Невозможно было с ним спорить, всегда он был прав.

— Ты, дед, совсем как могилевский Чурила-Баранович, — сказал, не сдержавшись, рассерженный Алесь. — Могилевский Диоген. Над всем издевается да насмешки строит.

Дед сделал вид, что слышит об этом впервые:

— Кто такой?

— Я же говорю — губернский Диоген. С чудачествами. В доме умалишенных был.

— Хорошие чудачества, — сказал дед. — За них и взяли?

— Нет, в самом деле. Идет по улице и хохочет.

— Ну-у, чтоб за это всех брать, кто у нас в стране на улицах хохочет…
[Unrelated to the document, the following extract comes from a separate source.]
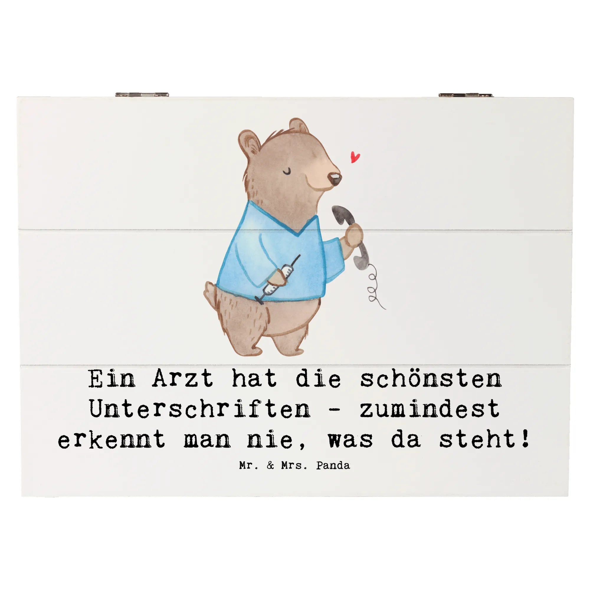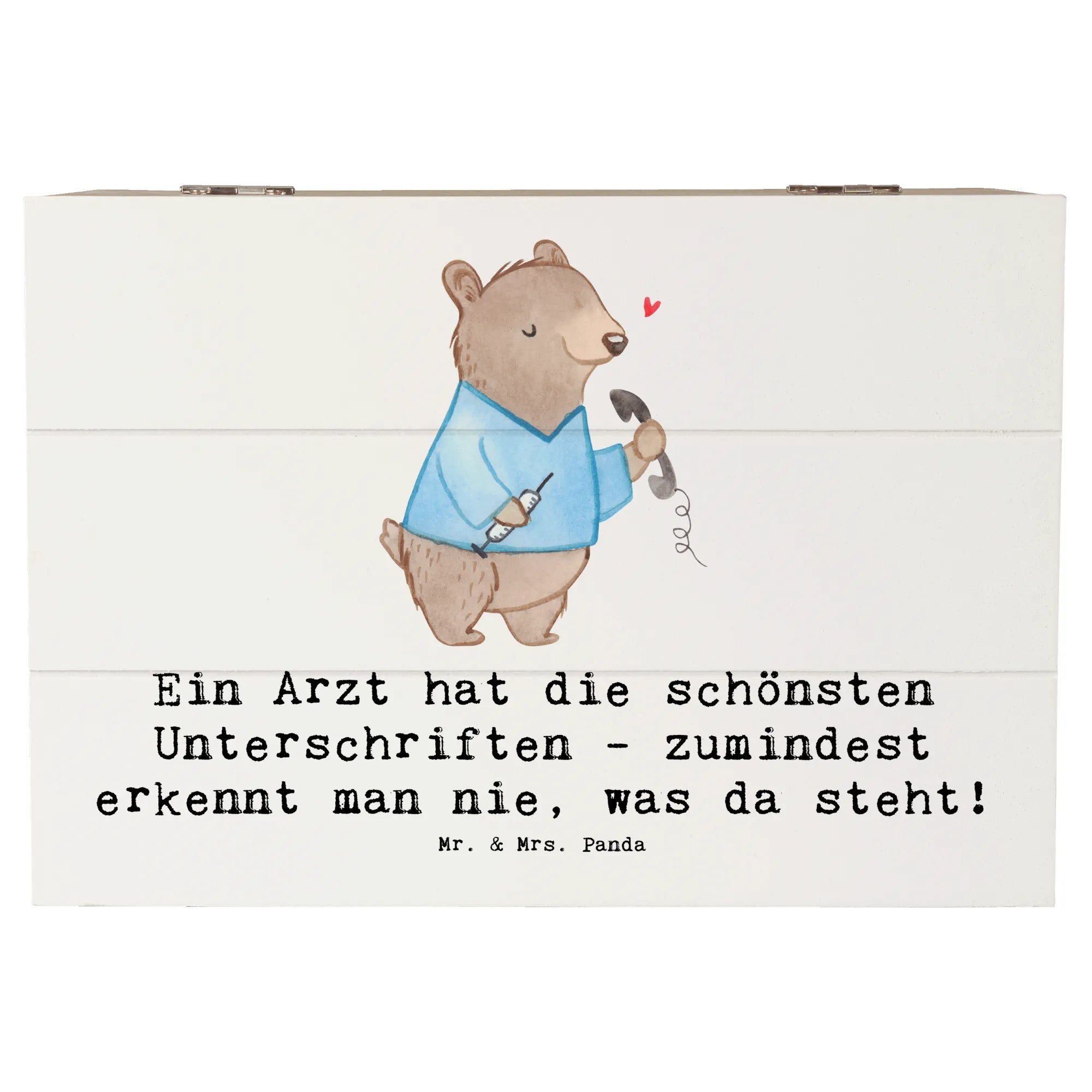 Entdecke die bezaubernde Holzkiste von Mr. & Mrs. Panda, die perfekt für alle Ärzte ist! Mit ihrem liebevoll gestalteten Motiv und dem witzigen Spruch "Ein Arzt hat die schönsten Unterschriften - zumindest erkennt man nie, was da steht!" ist diese Kiste nicht nur ein praktisches Aufbewahrungselement, sondern auch ein tolles Geschenk für jeden Arzt oder Mediziner.
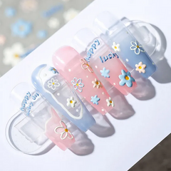 Place the sticker in the desired position and press it firmly onto the nail. - Apply a layer of gel top coat to the nail and cure with a UV lamp for 2 minutes or an LED lamp for 60 seconds.

Алесь только руками развел. А дед уже говорил дальше:

— Ты не принимай всего близко к сердцу… Был такой в двенадцатом столетии умный-умный папа Иннокентий Третий. Написал он трактат «О презрении к свету». Нужно тебе почитать да кое над чем задуматься… Хотя зачем читать? Вот послушай, что он о жизни говорит… У-умный был! «Человек сотворен на несчастье, — не из огня, подобно светилам небесным, не из воды, как растения, а из одного вещества с животными, потому и терпит равную с ними участь. Источник зла — его тело, что поработило дух и стало для него тюрьмой. Добрые страдают не меньше злых («Если не больше», — добавил дед). Жизнь есть борьба. Человек ведет ее с подобными себе, с природой, со своим телом и с дьяволом. Не проходит дня, чтоб к наслаждению не примешивался гнев, зависть, страх или ненависть. Жизнь не что иное, как смерть заживо, потому что мы умираем, пока живем, и лучше умереть заживо, чем жить мертвым». — Подумал-подумал. — Впрочем… дурак он был, этот папа. За что и выбрали.